Critics of the IQOS endorsement include Stanton Glantz, a retired professor of medicine, and his colleagues at the University of California, San Francisco, who study say the device contained toxins, some potentially carcinogenic and some in higher levels than in combustible cigarettes. The agency’s approval “disregarded valid scientific evidence and misapplied the public health standard imposed by law,” the study found in the journal Tobacco Control. concluded.
dr. Glantz said on Wednesday that Dr. Holman ignored another major study showing that e-cigarette use – outside of controlled trials of quitting attempts – was not associated with reduced smoking rates. He said approvals have done little to address the problem of dual-use or the use of cigarettes and e-cigarettes, which is worse for overall health. About the departure of Dr. Holman said Dr. Glantz: “Relieved.”
“He’s the one who signed these approvals,” he said. “They’re tackling all these problems by ignoring it, by relying on outdated studies.”
One of the FDA’s recent controversies was its decision in June to deny marketing authorization to: Juul Labs e-cigarettes. Since then, the agency has relented and announced a review of its decision.
In a submit to courtJuul cited the authorization granted to Philip Morris as one reason likely to prevail, and said IQOS had been approved, even though a dozen chemicals in IQOS aerosols were “‘potentially genotoxic and/or carcinogenic” and “present in higher concentrations.” ‘[s]’ than in combustible cigarette smoke.”
dr.

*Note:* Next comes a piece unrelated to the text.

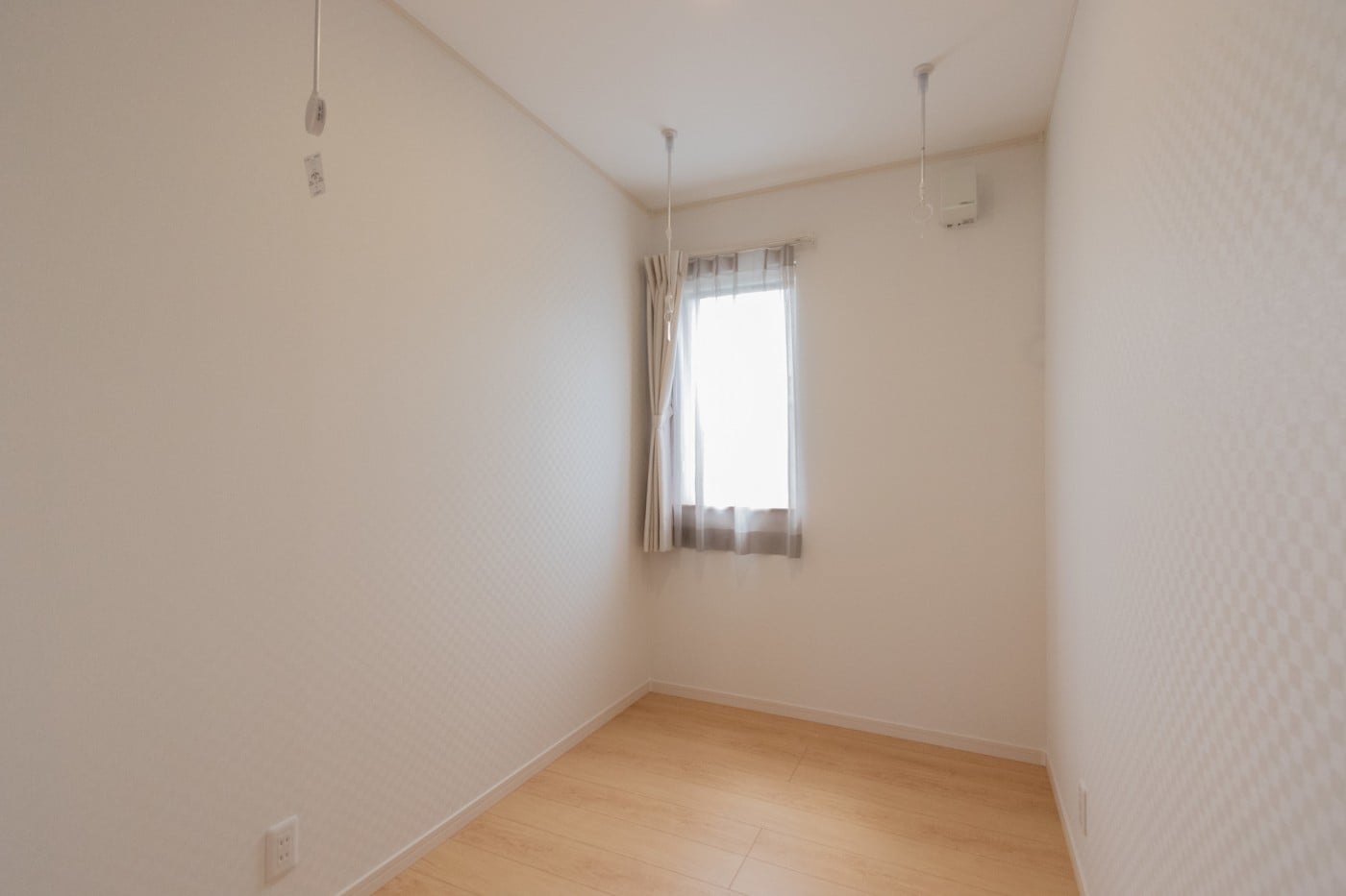 2階にはサンルームを設けました。窓と換気扇があるので、嫌な部屋干し臭を気にする心配はありません。また、室内に洗濯物を干せるので、天気や時間などに左右されず、家事効率もアップします!
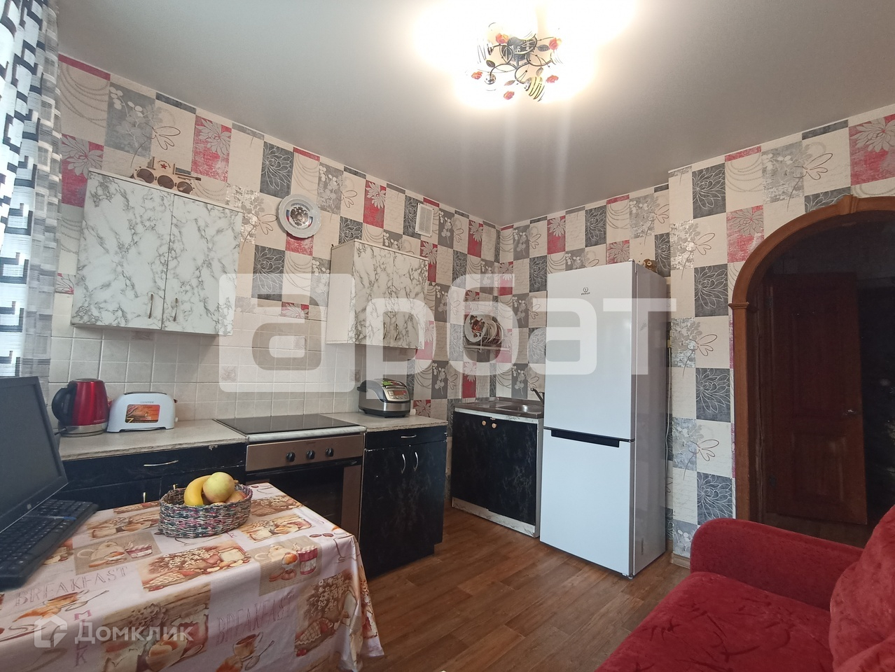 В квартире косметический ремонт. На полу линолеум, на стенах обои.  Окна ПВХ. В кухне натяжной потолок. Счетчики на воду.

Holman said many agency decisions have been criticized, but he believed IQOS authorization was warranted after a full review of the data.
Philip Morris said in a statement that Dr. Holman “is committed to helping existing adult smokers access science-backed smoke-free alternatives while protecting youth. We look forward to him joining our team as we continue to pursue a smoke-free future.”
The company also recently hired Keagan Lenihan, a former FDA chief of staff, as vice president of government affairs.